# TASK TO CARRY OUT
Omit the pictures and reproduce the rest of the listing exactly.

# DATASET SECTION
::::::
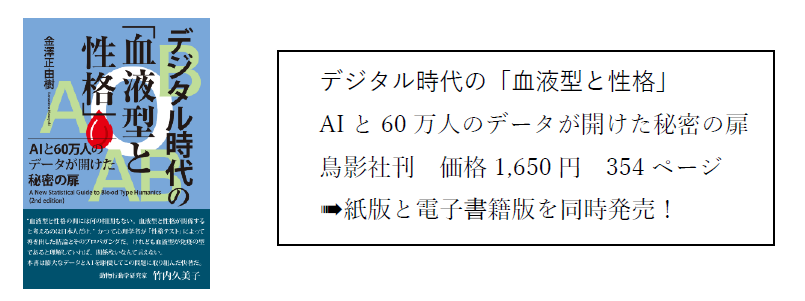 本研究の先行事例は、2021年に出版された金澤の著書『デジタル時代の「血液型と性格」』に収録されています。
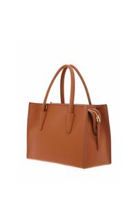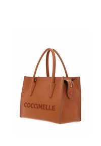Sac à main en cuir marron avec double poignée et bandoulière amovible, avec le logo "COCCINELLE" embossé à l'avant.
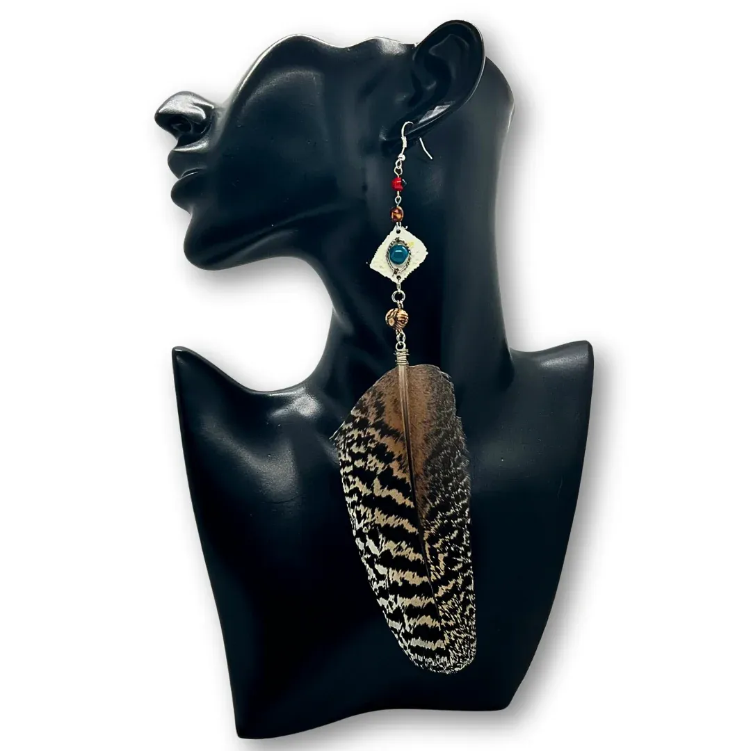 Detalle Amazónico: La pieza culmina con una gran pluma natural jaspeada, con patrones de rayas y manchas en tonos marrón oscuro y beige, que recuerdan la piel de un jaguar. Esta pluma añade un toque de dramatismo y movimiento, característico de las plumas de aves de la selva.
::::::
# SOLUTION BELOW
 本研究の先行事例は、2021年に出版された金澤の著書『デジタル時代の「血液型と性格」』に収録されています。
Sac à main en cuir marron avec double poignée et bandoulière amovible, avec le logo "COCCINELLE" embossé à l'avant.
 Detalle Amazónico: La pieza culmina con una gran pluma natural jaspeada, con patrones de rayas y manchas en tonos marrón oscuro y beige, que recuerdan la piel de un jaguar. Esta pluma añade un toque de dramatismo y movimiento, característico de las plumas de aves de la selva.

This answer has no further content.